TASK DETAILS: Transcribe every line from the one containing "Another fall floral" to the end of the listing, exactly as written, and leave out the pictures.

RECORDS FOR THE TASK:
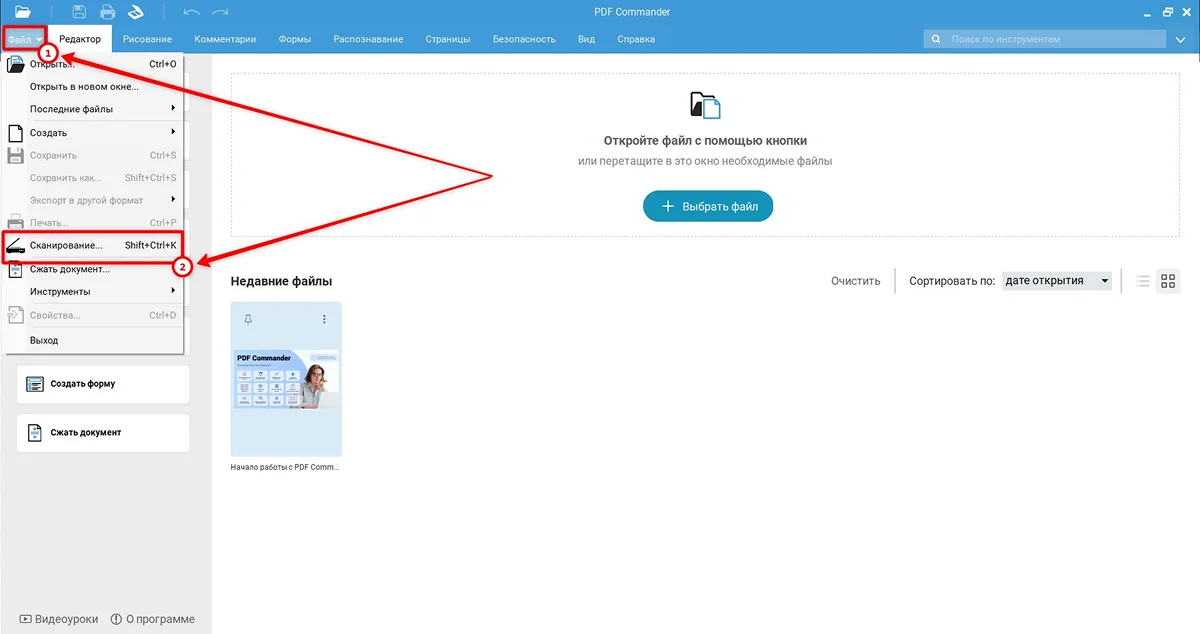 1. Установите софт и запустите его. На панели инструментов нажмите «Создать» → «Сканер».
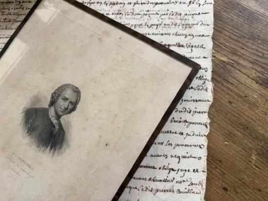 哲学者ジャン・ジャック・ルソーの絵が入ったフォトフレーム。
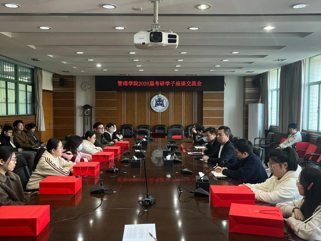 12月16日上午,管理学院于龙洞校区实验楼A北202举办2026届考研学子座谈交流会暨慰问活动。学院党委副书记何绍彬、2022级辅导员张辉、陈梓健、朱姝与30名考研学生代表齐聚一堂,面对面交流,心连心鼓劲,在寒冬中为奋战备考的学子送上学院的深切关怀和慰问。
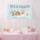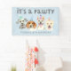 Banderole de fête pour la fête d'anniversaire du chiot de votre enfant. Illustration de 4 chiens (dalmate, beagle, pit bull terrier) avec casquettes de fête. Le texte ci-dessus dit "c'est un pawty" et vous pouvez ajouter le nom de votre enfant sous l'illustration.
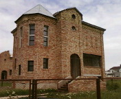 Стены - красный кирпич, внутренние перегородки - саман.
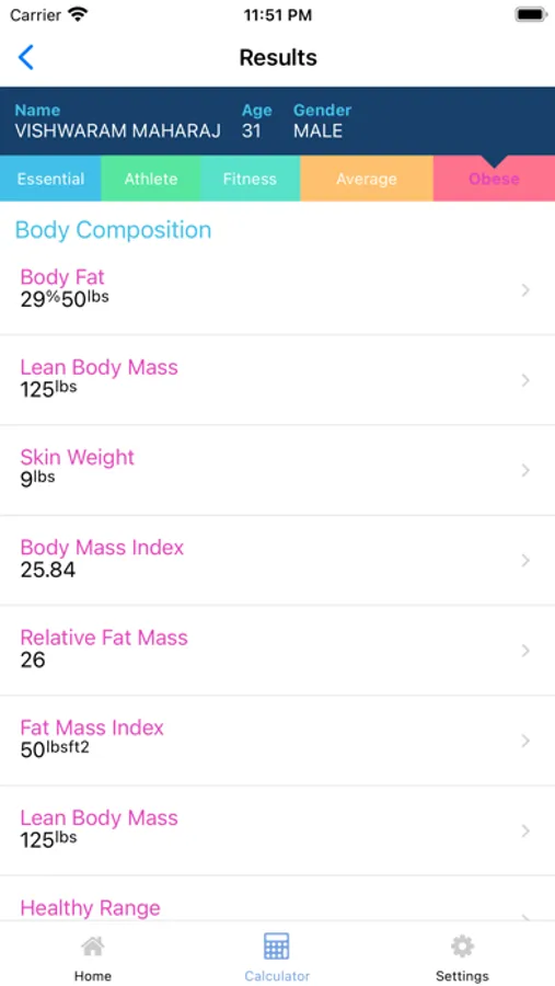 - Body Fat Percentage
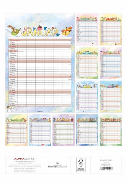 Zudem finden Sie auf den Rückseiten der Kalenderblätter weitere Hilfsmittel, wie zum Beispiel einen Pollenflugkalender oder Jahresübersichten. Der Familienplaner Cartoon 2026 der Marke Alpha Edition ist nicht nur eine sehr nützliche Hilfe im Alltag, sondern auch ein echter Blickfänger, der jeden Raum schmückt.
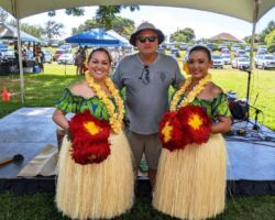 When they finished up, I took a picture with them and gave them a donation to help with travel costs for an upcoming hula competition they were attending.  Once they finished up, a large old lady came up on stage with her ukulele and a young dude with a guitar and they proceeded to play the loveliest old Hawaiian music.  I listened to them for an hour or so and when they finished another guy came up and played more music.  It was fantastic.  I decided to wander around and look at the vendors.
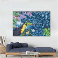 A vibrant toucan perches among deep blue foliage, its golden beak slicing through a tapestry of pink and green. Textured strokes bring the jungle to life, where wildflowers bloom and lush leaves whisper secrets of the tropics.
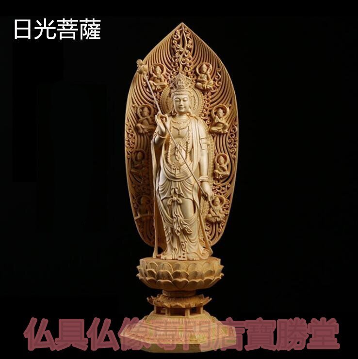 - 【寶勝堂】総檜材 仏教工芸品 木彫仏教 精密彫刻 極上品 仏師で仕上げ品 日光観音菩薩立像 高43cm
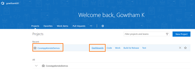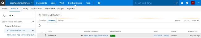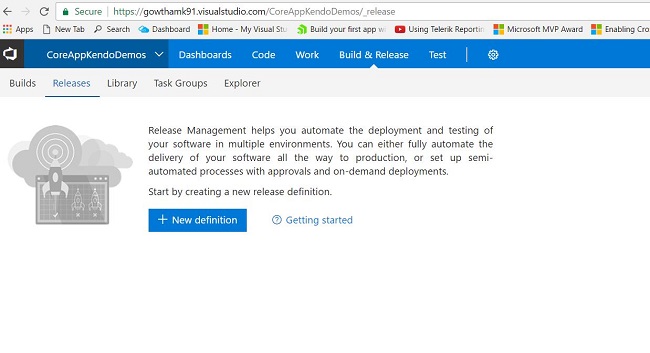 Go to CoreAppKendoDemos Project page. Select Release from build & release menu. The release page will open, as shown below.
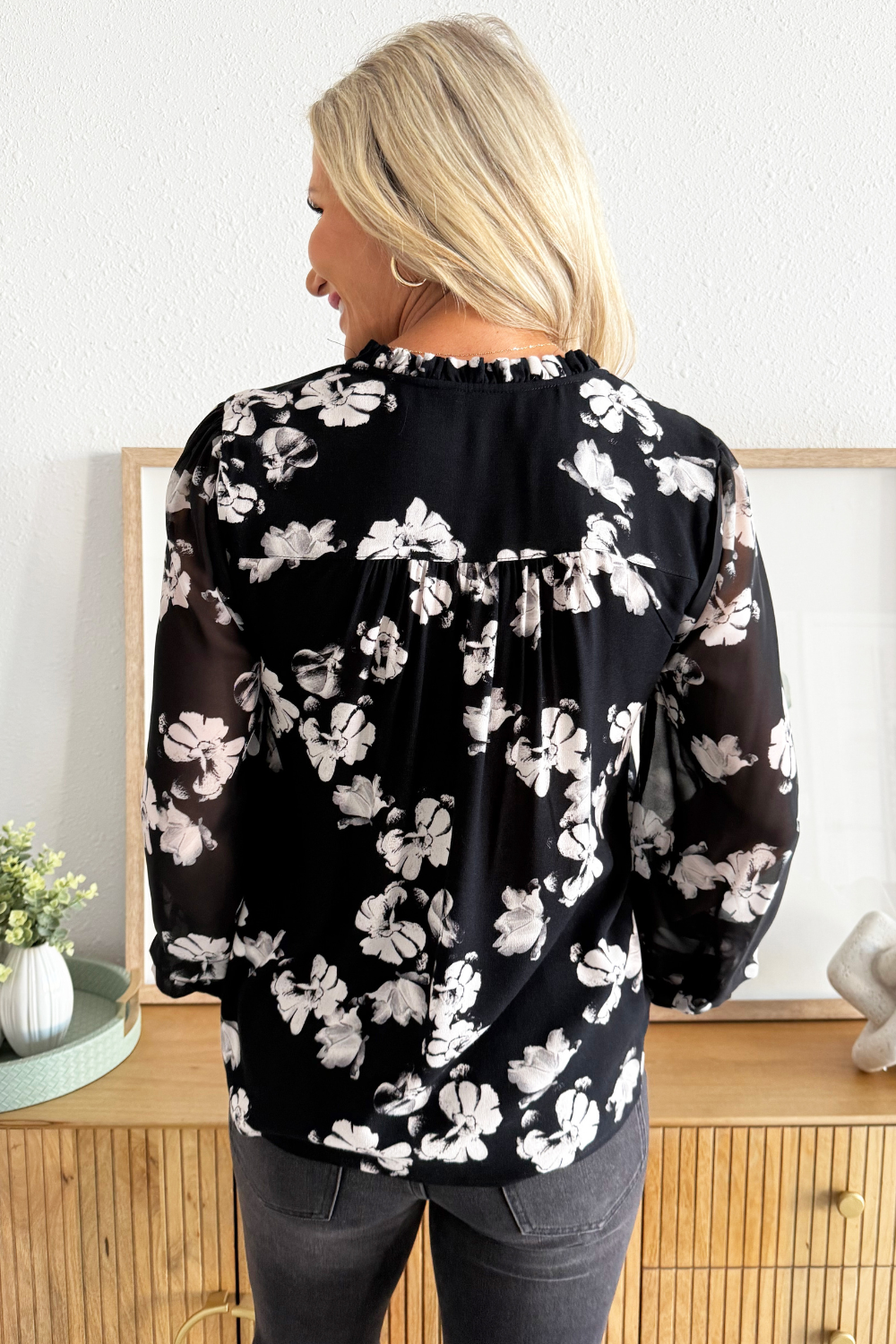 Another fall floral favorite from Liverpool! This takes a simple blouse and adds tie details and a fresh floral pattern to create an elegant piece that can be worn again and again! Pair back to your favorite denim or trousers for an outfit that takes you effortlessly from day to night!
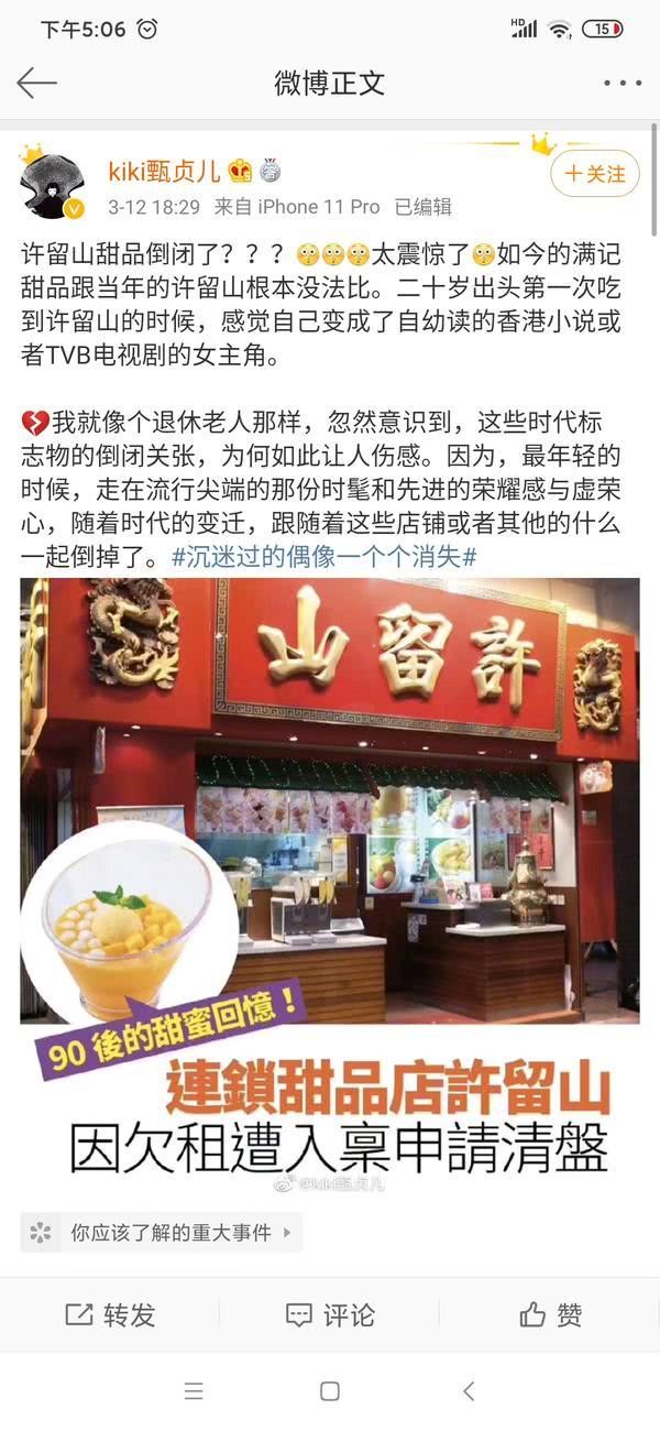 3月13日,香港甜品品牌“许留山”登上热搜。
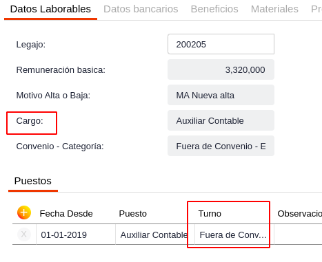 - El funcionario tenga fecha de alta activa, es decir en la solapa datos laborales, campo Motivo Alta o Baja, posea El código MA01 - MA Nueva alta

ANSWER:
 Another fall floral favorite from Liverpool! This takes a simple blouse and adds tie details and a fresh floral pattern to create an elegant piece that can be worn again and again! Pair back to your favorite denim or trousers for an outfit that takes you effortlessly from day to night!
 3月13日,香港甜品品牌“许留山”登上热搜。
 - El funcionario tenga fecha de alta activa, es decir en la solapa datos laborales, campo Motivo Alta o Baja, posea El código MA01 - MA Nueva alta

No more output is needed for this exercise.